The first, and the best, was a study by Niewoehner from the VA¹. This was a randomized, double blinded study comparing a 2 or 8 week course of steroids vs placebo. Patients were followed for 6 months for the primary outcomes of death, intubation, re-hospitalizations, or need to intensify treatment. The steroid arms all received 125mg IV solu-medrol q6 hour for 72 hours followed by prednisone starting at 60mg daily. At that point the patients were either tapered over 8 or 2 weeks. Amazingly, the study consisted of only 271 participants (which turns out to be quite large for COPD trials...). This was mainly related to many patients getting excluded. The exclusion criteria included steroid use within the past 30 days, comorbidities making 1 year survival unlikely (not clearly defined), less than 30 pack year of smoking, age less than 50, asthma, FEV1 over 1.5, and inability to give consent. The randomization also had a few problems. The 8 week steroid and placebo arms had a higher percentage of smokers and past steroid use than the 2 week steroid arm. Also, the two steroid arms had a higher percentage of diabetics. Other than these three categories, the patients were similar.
The study was stopped one year early due to clear benefit in the steroid arms for COPD. The treatment arms had reduced hospital stay for COPD (1.2 days shorter) along with a reduction in the primary outcomes measured at 30 and 60 days. This benefit appeared to disappear by 6 months out, with the groups similar at that point. A couple of interesting notes from the study. First is that there did not appear to be a benefit between the 2 and 8 week groups. The second is that while there was reduced hospital stays and readmissions for COPD in the steroid arm, there were increased non-COPD related hospital stays and readmissions for the steroid arm. The authors stated that these readmissions were not felt to be related to the steroids, but did not offer any further information.

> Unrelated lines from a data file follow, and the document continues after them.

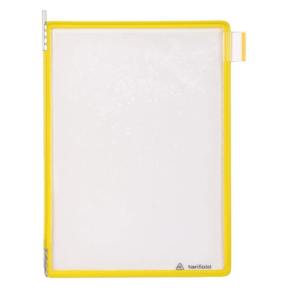 A bemutató tábla kiemelkedő minőségének köszönhetően flexibilis, strapabíró és rendkívül hatékony. A kétoldalú bemutató tábla a Tarifold tartókba tervezett prezentációs rendszerek részét képezi. A táblák műanyaggal bevont, acélhuzal kerete tartós és egyben rugalmas tartást eredményez. A tábla a fém forgócsapoknak köszönhetően a tartókba könnyen behelyezhető és eltávolítható. Alkalmas ipari üzemekben való használatra. A bemutató tábla védi a dokumentumokat a szennyeződésektől és a nedvességtől, ugyanakkor a dokumentumok könnyen cserélhetők.
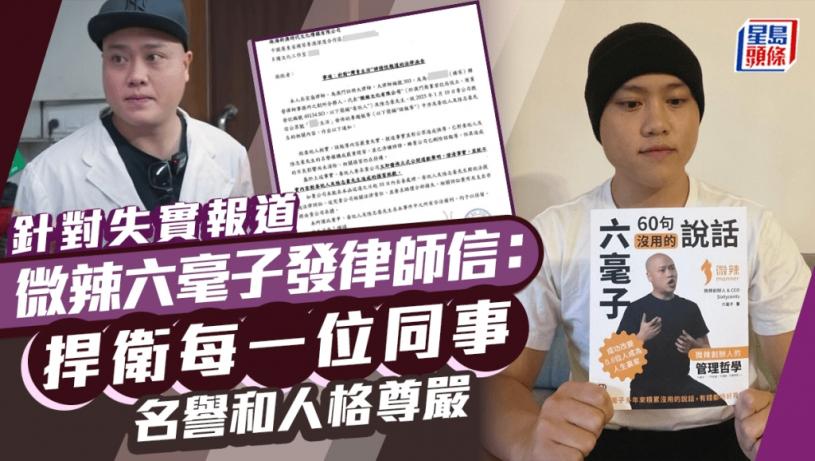 前年7月份發生微辣經理人阿晶(Jane)離世控訴事件,令微辣中人遭圍剿受盡網民責罵,微辣一度暫停營運,而旗下藝人包括豪Dee、霍哥、阿丞等宣布退出微辣。雖然六毫子曾貼出與阿晶的對話圖,圖文並茂解釋自己在她離職後仍保持聯繫,否認欺凌阿晶,或以假帳號詆毀對方,更沒有透過黑社會傷害任何人,但外界仍然有唔少反對及質疑聲音。面對排山倒海的惡意攻擊,昨日微辣委託律師發出律師信,針對一些嚴重失實報導,要求在10日內公開道歉聲明及澄清事實,以捍衛微辣同事名譽及人格尊嚴。
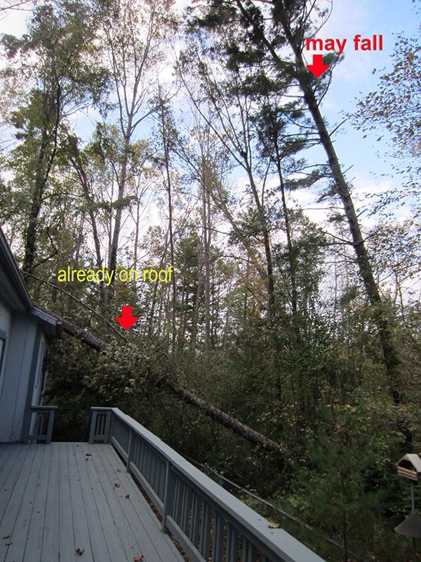 On September 27, there was still a very tall pine leaning toward the house that could fall and crush the roof. I reported this to the owner and the property manager using my cell phone, but nothing was done about it.
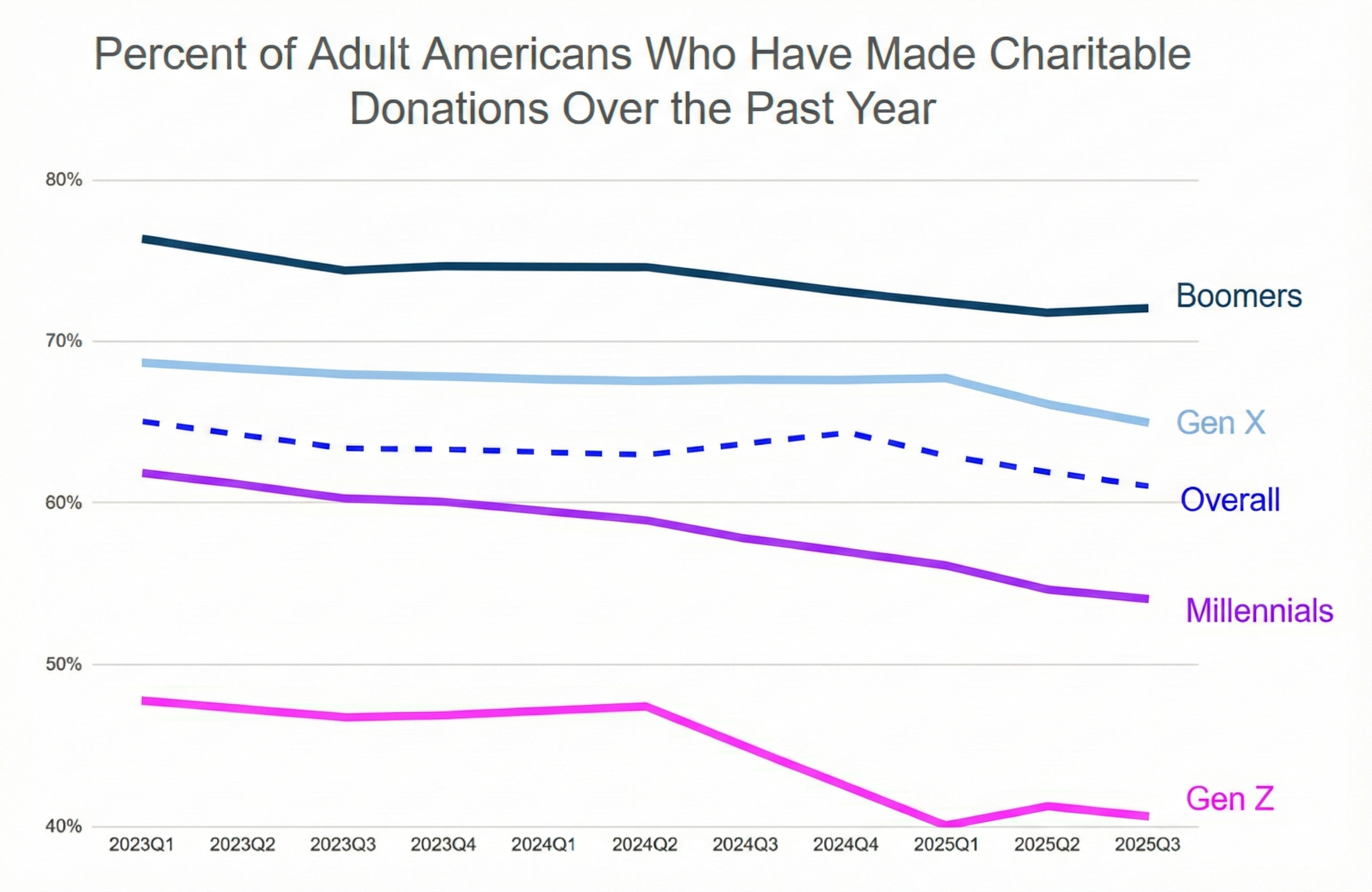 - Occam tracks trends in American charitable giving. A clear trend has emerged: across all age groups, the share of people donating to charity is declining, with the steepest drop occurring among younger generations. Rising financial pressures and higher living costs appear to be contributing factors, as donation rates have fallen across nearly every income group with the exception of the highest earners (data available upon request).

I must admit that upon reviewing this study, I was rather disappointed. It was small, it had randomization problems, and the results bugged me (increased hospitalizations for the “other” category). It answered the question on whether steroids are beneficial for COPD exacerbations, but it also raised questions and concerns. I was hopeful that the other “big” COPD study in 1999 would be better. 
Get ready for even more disappointment!
The second study was by Davies et al, and was also a double blind, placebo controlled, randomized study. In this British study, a whopping 56 patients were either randomized to placebo (27 patients) or a 14 day course of 30 mg of daily prednisolone. To make matters worse, 6 patients dropped out, leaving a total of 50 patients. The steroid arm did show benefit, but I’m not sure a study of 50 people is worth spending more time on.

Oral Versus IV Steroids
The bioavailability is about the same for IV versus PO steroids³. With this knowledge, it would be reasonable to believe that PO should be equivalent to IV steroids. This has been shown to be the case in the pediatric asthmatic population, which is why the major organizations have recommended to use PO steroids for COPD exacerbations⁴. 

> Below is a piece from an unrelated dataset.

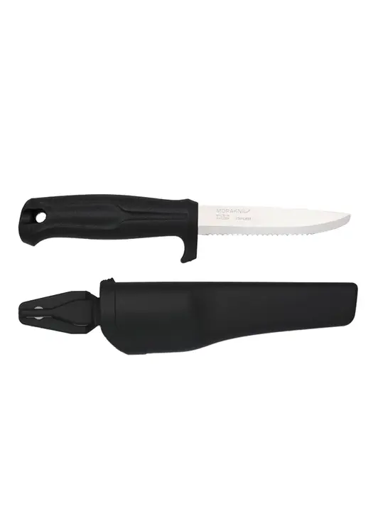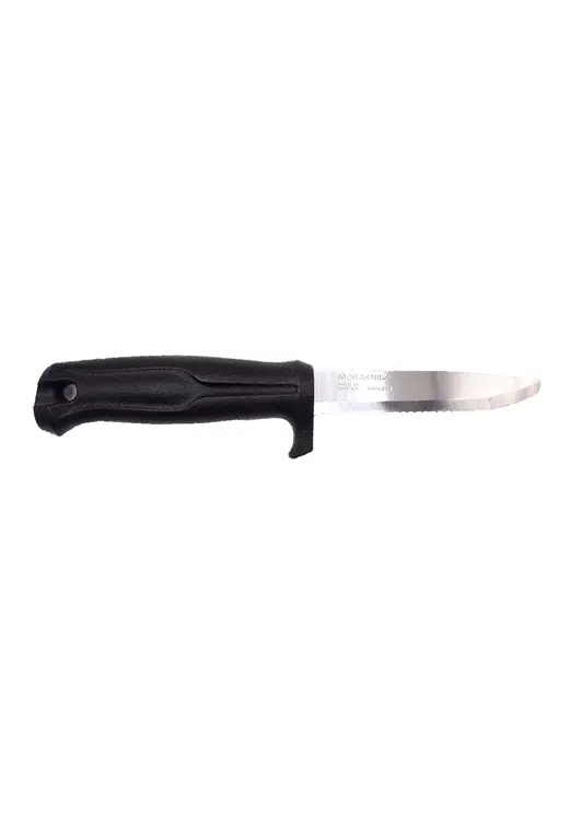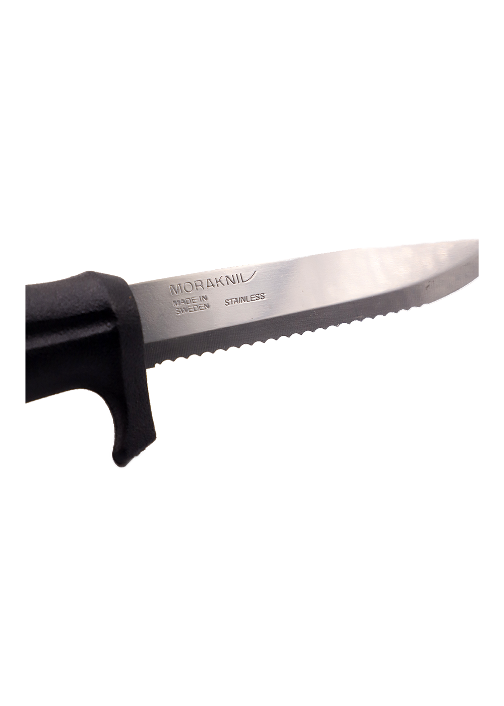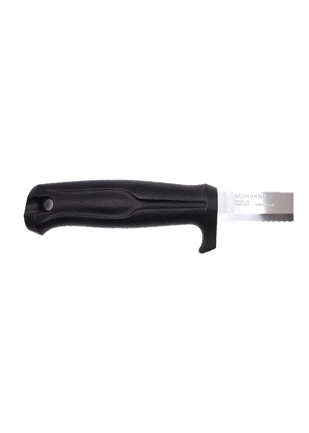Нож Morakniv Marine Rescue 541 — специализированная модель для работы в морской среде с серрейторной заточкой клинка из нержавеющей стали Sandvik твёрдостью 58 HRC. Клинок длиной 91 мм и толщиной 2 мм имеет закруглённый наконечник для безопасного использования. Рукоять выполнена из прочного термопластика с эргономичной формой, защищающей пальцы от скольжения к лезвию. Общая длина ножа составляет 198 мм, вес — 93 г. Модель комплектуется пластиковыми ножнами с поясным креплением. Серрейторная заточка идеально подходит для разрезания канатов и рыболовных сетей, а влагостойкие материалы делают нож незаменимым помощником для моряков и рыбаков

In 2007, a study from the Netherlands attempted to look at this question⁵. In a double blind, randomized study, 435 patients admitted with COPD exacerbations were given a five day course of 60mg IV or PO prednisolone. The primary outcomes were death, ICU admission, readmission, or the intensification of treatment. The results did not show any difference between IV and PO steroids when looking at the primary outcomes. While this study, in just reading the abstract, looks great and seems to really answer the question, there is a problem.
The study had a very difficult time recruiting patients. When I looked at the study design, I think I found the reason why. The study attempted to make sure that the patients were all treated similar, with the only variable being the steroid. All patients were placed on nebulizer treatments and antibiotics, as would be standard. The problem is that the patients were placed on a q6 hour schedule for the nebulizers! On our service, once the patient is doing well on q4 hour they are d/c’d home. We wouldn’t even admit a patient who could go with q6 hour nebulizers. So, for patients who do not have a severe COPD exacerbation, PO and IV are equivalent. That unfortunately wasn’t the question. 
Ugh, just more disappointment. Is there a COPD study that will not leave me disappointed? 

JAMA June 2010 (Please don’t disappointment me JAMA!)
In last month’s JAMA, a study came out that got my hopes up pretty high⁶. The title seemed to scream “This is going to be great!”. I was pumped. How can an article titled “Association of Corticosteroid Dose and Route of Administration With Risk of Treatment Failure in Acute Exacerbation of Chronic Obstructive Pulmonary Disease” not rock? This had the answers, right?
This study looked at patients admitted in 414 hospitals with a principle diagnosis of COPD exacerbation. While this makes it a retrospective study, it was able to gather information on 79,985 patients! They gathered data on the patients, including steroid use, hospitalization stay, cost, ICU stay etc. The study then seperated the groups into a “high dose steroid” arm and a “low dose steroid” arm. Interestingly, despite all of the major organizations recommending oral steroids for COPD exacerbations, 92% of the patients were placed on high dose IV steroids at admission! The primary outcomes studied were the need for intubation (after day 2 of hospitalization), length of stay, readmission, cost, and death. High dose steroids included what is often done at Christ Hospital, solu-medrol 125mg IV once then 60mg IV q6 hour. Low dose was equivalent oral prednisone of 80mg or less over the first 2 days (40mg PO daily). Patients in the low dose category were more likely to be admitted to a university setting, which I don’t think is all that surprising. 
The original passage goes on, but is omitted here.